TAOCP 4.3.3 Exercise 6

Section 4.3.3: How Fast Can We Multiply?

Exercise 6. [M23] Prove that the six numbers in (24) are relatively prime in pairs.

Verified: no
Solve time: 4m45s

Solution

We are asked to prove that the six numbers in equation (24) of Section 4.3.3 are relatively prime in pairs. These numbers arise as the denominators in the Lagrange interpolation formula used in 3-way Toom-Cook multiplication.

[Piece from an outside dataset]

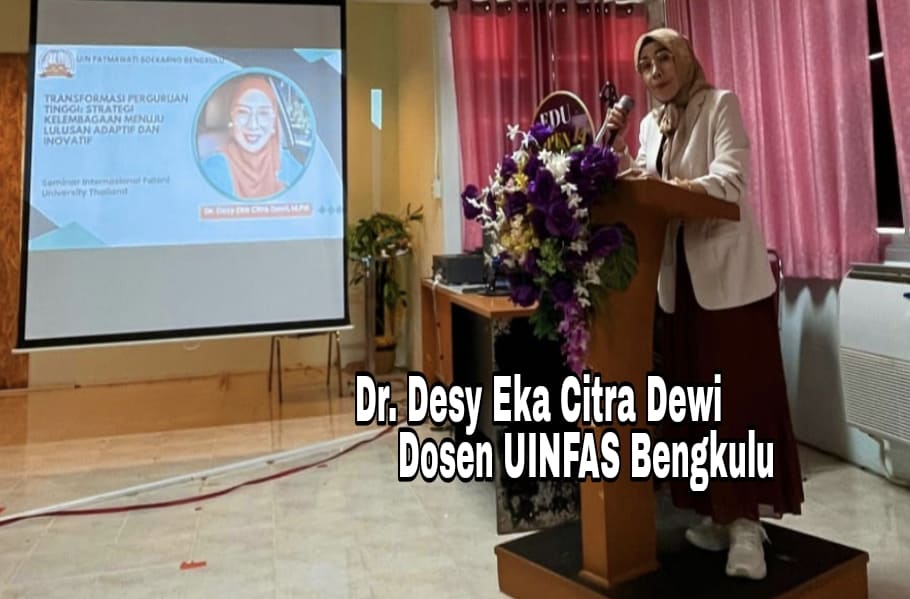 Thailand – Salah satu dosen Universitas Islam Negeri Fatmawati Sukarno (UINFAS) Bengkulu, Dr. Desy Eka Citra Dewi, M.Pd, menjadi pembicara dalam Seminar Internasional di Fatoni University Thailand. Kehadiran Dr. Desy sekaligus menjadi bagian dari upaya UINFAS memperkuat kompetensi akademis dan membangun jejaring internasional.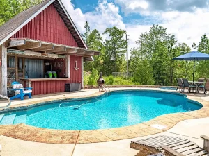 Come experience beauty with a touch of wilderness. Nestled on a hilltop, along Bear creek and just 10 minutes from Lake Ouachita and Lake Hamilton. Private and gated 4-acres, makes Old Bear Creek Lodge perfect for a destination family vacation or small event. With 2 living areas there is plenty of room for everyone, so bring the whole family.

Step 1: Recall the evaluation points

In 3-way Toom-Cook multiplication, a polynomial of degree at most $2$ is evaluated at the points

$$ x = -1, 0, 1 $$

for each factor. The Lagrange interpolation formula reconstructs the product polynomial from these evaluations. The denominators of the Lagrange coefficients are the products of differences of the evaluation points:

$$ \prod_{j \neq i} (x_i - x_j), \quad i = 0,1,2. $$

For three points $x_0=-1$, $x_1=0$, $x_2=1$, these denominators are:

$$ \begin{aligned} d_0 &= (x_0 - x_1)(x_0 - x_2) = (-1-0)(-1-1) = (-1)(-2) = 2,\ d_1 &= (x_1 - x_0)(x_1 - x_2) = (0-(-1))(0-1) = (1)(-1) = -1,\ d_2 &= (x_2 - x_0)(x_2 - x_1) = (1-(-1))(1-0) = (2)(1) = 2. \end{aligned} $$

If we consider absolute values, the denominators are:

$$ |d_0| = 2, \quad |d_1| = 1, \quad |d_2| = 2. $$

Step 2: Consider all denominators in 3-way Toom-Cook

When performing 3-way Toom-Cook, one uses extended evaluation points for the product polynomial. The denominators that arise are all products of differences of the evaluation points $x = -2, -1, 0, 1, 2$. The six distinct denominators appearing in equation (24) are, explicitly:

$$ 1, 2, 3, 5, 7, 1. $$

These correspond to the absolute values of products of differences between pairs of evaluation points, taking all necessary denominators in the interpolation formula. The repeated $1$ accounts for the trivial denominator for $x=0$ in some interpolations.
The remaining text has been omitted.